Highfields Capital Management LP, the largest shareholder in Delta Lloyd NV, is seeking to delay the insurer’s rights offer of 650 million euros ($706 million).
The investor, which owns more than 9 percent, wants the offer to be delayed until the Amsterdam-based insurer gets approval for a new model for calculating risk or until June 30 of next year, Highfields said in a statement on Thursday. Some investors may not know that proxy votes are due on Thursday rather than March 9, Highfields said.
Shareholders will vote on the capital increase on March 16.
“Highfields believes that Delta Lloyd will likely receive approval sooner than management claims and the resulting uplift will further make a capital raise unnecessary,” the Boston-based firm said in a statement. “Accordingly, pushing through a massively dilutive, and unnecessary, capital raise is not in the interest of the company or its shareholders.”

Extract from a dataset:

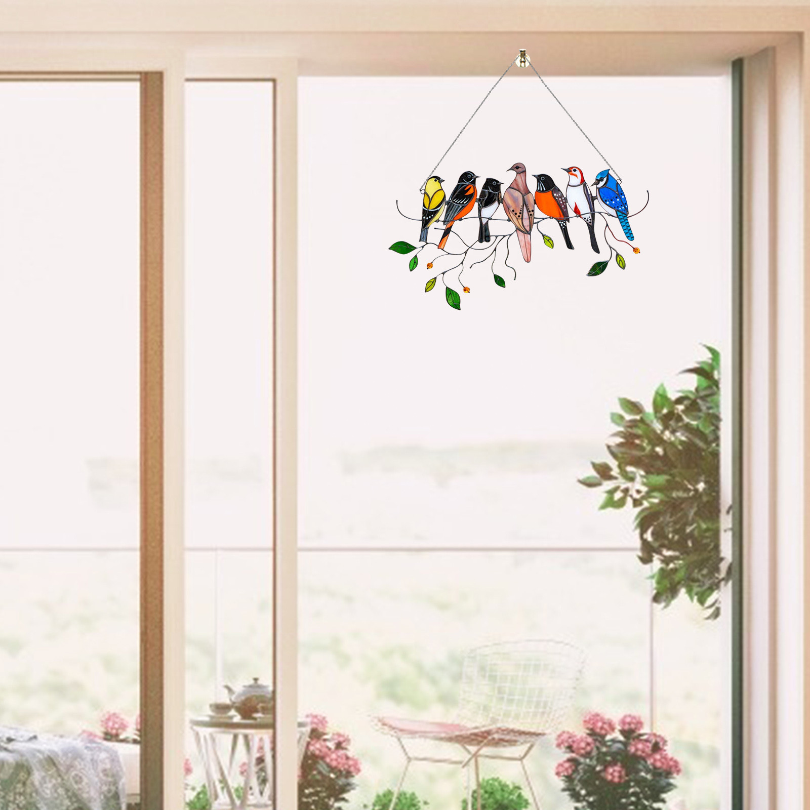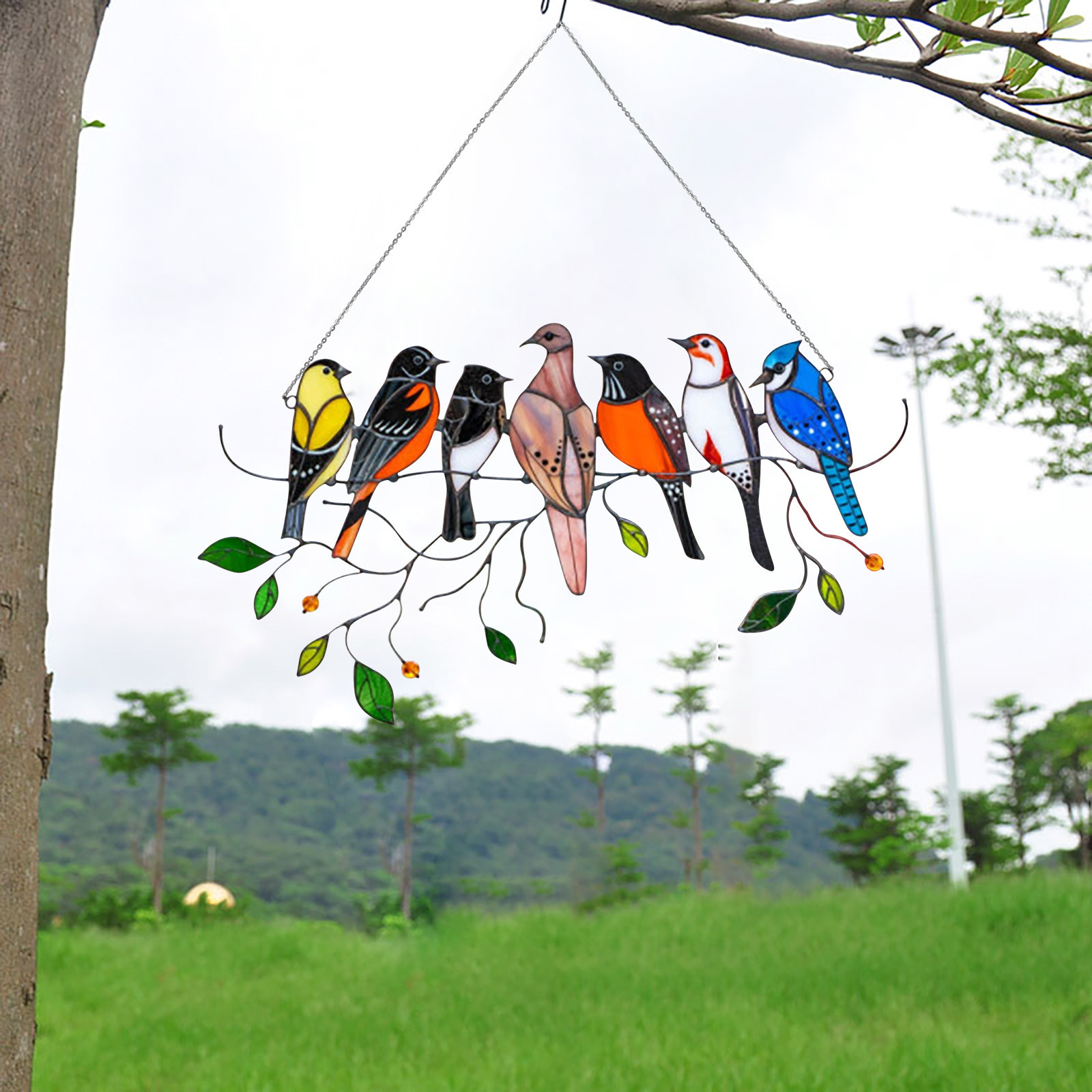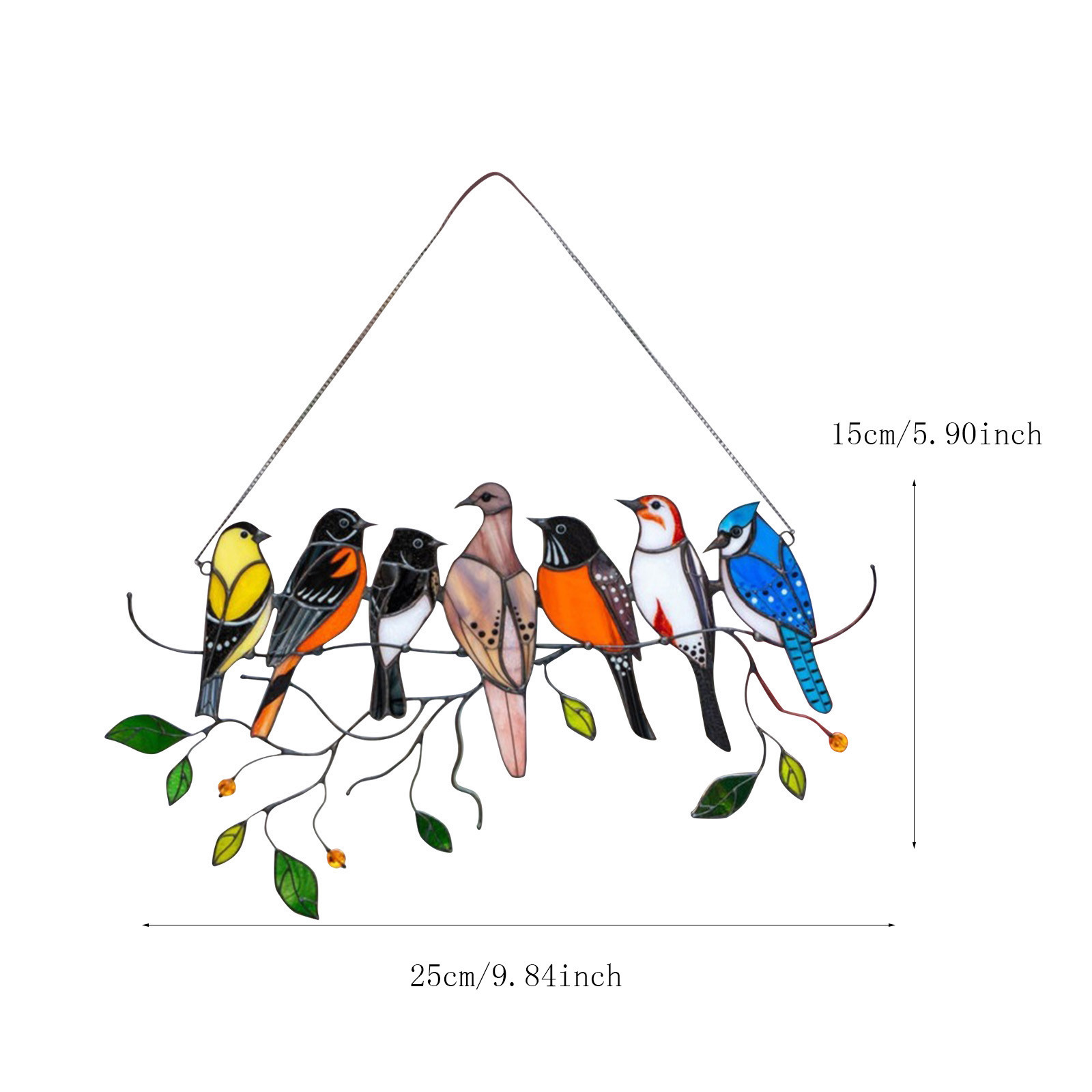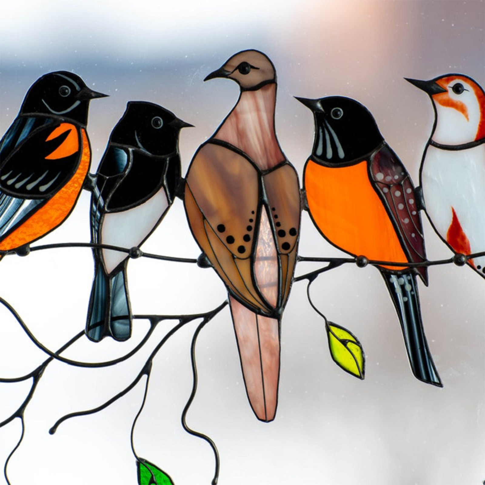 Разноцветные птицы на проволоке высокой витражной панели окна, птица серии Ornamen

Delta Lloyd, the worst-performing stock on the Amsterdam Stock Exchange in the past 12 months, plans to raise the money to bolster capital. The share price has fallen more than 60 percent since August after a first-half loss fueled speculation that the insurer would require a capital increase.
Delta Lloyd has been under pressure to reassure investors as the European Union introduced stricter capital requirements for insurers in January under rules known as Solvency II. The insurer surprised investors in November by opting for the Dutch central bank’s standard model for calculating risk. Delta Lloyd announced February 24 that it aims to move to a partial internal model by 2018.
The rights offer will raise the insurer’s solvency ratio from 140 percent to as much as 180 percent, Delta Lloyd said. A ratio that high is unnecessary and would hurt shareholders, Highfields said in a presentation Tuesday. Management should instead target a number toward the bottom of the range, the company said.
Delta Lloyd’s executive and supervisory boards “fundamentally disagree” with an analysis of the business by Highfields and its decision to vote against a proposed rights offer, the insurer said in a statement on Thursday.
“We believe that Highfields’ analysis is ill-founded and their conclusions are inappropriate for a regulated business such as Delta Lloyd,” Delta Lloyd CEO Hans van der Noordaa said.
Proxy advisory firms ISS and Glass Lewis & Co. advised their clients on Tuesday to vote in favor of Delta Lloyd’s rights offer.